Gorilla females normally carry their dead infants for a number of days before dropping the body and the fact that this one was left the first morning after his death might suggest that he had been weak and immobile for a period such that the female had already begun to lose maternal attachment towards him.
This was a very sad outcome for a team of rangers and vets who had tried a number of times to save this little gorilla. Additional samples taken at the autopsy of the infant male confirmed the diagnosis of scabies.
The immobilization of Kasigasi marks the first time a Bwindi gorilla has been darted, so there is no historical data on presence or absence of scabies in this population. However, the nearby Virunga population has a long history of gorilla immobilisations for emergency treatment, and scabies has not yet been reported. Therefore this diagnosis is the first known case of scabies in a wild mountain gorilla. This is cause for concern about the source of infection, and a sample has been sent to an entomologist to attempt to identify if the mite is of human or animal origin. If it is possible to identify the source, it will help park managers narrow down the list of possible management actions to take. For example, if the source is domestic animals, stricter controls of animals herded along public paths through the park might be considered. Alternatively if the source is human, the park must consider all the possible means for infection from humans including the different activities that bring people into the park, both legally and occasionally illegally. From the local people’s perspective, the gorillas also range outside of the park in a similar “illegal” fashion to raid banana tree plantations and this is another potential source of infection from both humans and domestic animals.
The park and IGCP are continuing efforts to prevent re-infection of these or other gorillas in Bwindi.

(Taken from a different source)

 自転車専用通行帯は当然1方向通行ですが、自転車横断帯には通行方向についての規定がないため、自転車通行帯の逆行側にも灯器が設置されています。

Dr. Liz Macfie was the Director of the Volcano Veterinary Centre in Rwanda from 1989 to 1992, and since 1992 she has been the Project Manager for the IGCP in Uganda. This program started working in Bwindi and has gradually expanded operations into Mgahinga since the end of 1995.

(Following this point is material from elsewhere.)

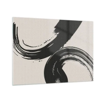 Impression sur verre - Image sur verre - Coups de pinceau calligraphiques noirs et dynamiques sur fond clair. - 70x50cm - Balayage circulaire - Décoration murale moderne pour le salon et la chambre ARTTOR

Additional information: The silverback leader of the Katendegere group died from old age in May 1996. Following his death, a blackback left the group. Currently, the group is led by a young silverback who has a broken wrist, but this does not hamper him severely.
The group has only three members now, and the tourist visits are being restricted. Only four tourists are permitted per day. No further advance bookings are made by UWA. Any permits not sold in Kampala are sold in Buhoma on the stand-by basis. IGCP and UWA have just started to habituate another group, but it will take 1-2 years until it can be visited by tourists.